Jim Carroll remembers, “He was the best boss I ever had, but I worked too long and he lived too short to tell him that. I have never known a person more knowledgeable on so many subjects. My only regret is that I never learned how to tell a story like the master from Knob Noster.”
Pete Anastasi said, “A literary genius at work — fits Dan Saults to a ‘T’. I never met anyone who could match his editorial expertise. When I handed him copy I always got back half and soon learned how to keep the gobbledygook out.:
Don Pfitzer, a B-17 pilot in WWII, recalls long discussions with Saults, who Pfitzer met after the war when both were state information and education supervisors — Saults in Missouri, and Pfitzer in Tennessee. “Among all the subjects we discussed, the most memorable hinged around our faith. Dan surprised me by his strong belief in the Bible and its literary value. He read and reread Solomon’s books, especially Ecclesiastics. I remember so vividly evenings listening to him read aloud passages with intense feeling. Just another facet of this remarkable man that few of his contemporaries had occasion to enjoy.”
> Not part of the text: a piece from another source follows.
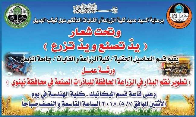 تحت شعار يد تصنع ويد تزرع وبرعاية السيد عميد كلية الزراعة والغابات الدكتور سهل كوكب الجميل يسر قسم المحاصيل الحقلية ان يدعوكم لحضور ورشة العمل التي يقيمها حول تطوير نظم البذار في الزراعة الحافظة للباذرات المصنعة في محافظة نينوى وذلك على قاعة قسم الميكانيك في كلية الهندسة الساعة التاسعة والنصف من يوم الاثنين الموافق 2018/5/7 .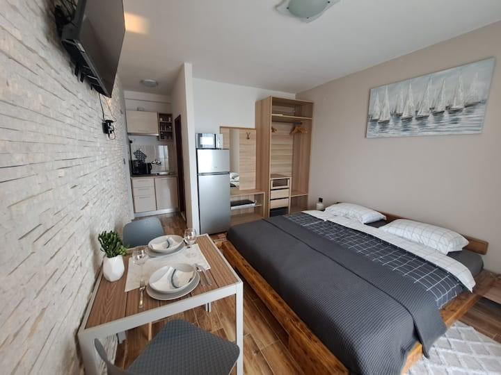 Appartements meublés, linge de lit et serviettes inclus dans le prix de la réservation. Parking gratuit à 50 m du logement. Barbecue à disposition.

Saults rests in Knob Noster and left his wife, a daughter, four grandchildren and three great grandchildren that he would have adored. In my book, he was a great man and one of the finest conservation editors of our time.
Keith Hay, an OWAA member since 1965, retired as conservation director for the American Petroleum Institute. He is vice president for the Lewis and Clark Bicentennial in Oregon and lives near Newberg, Ore., on his tree farm and vineyard.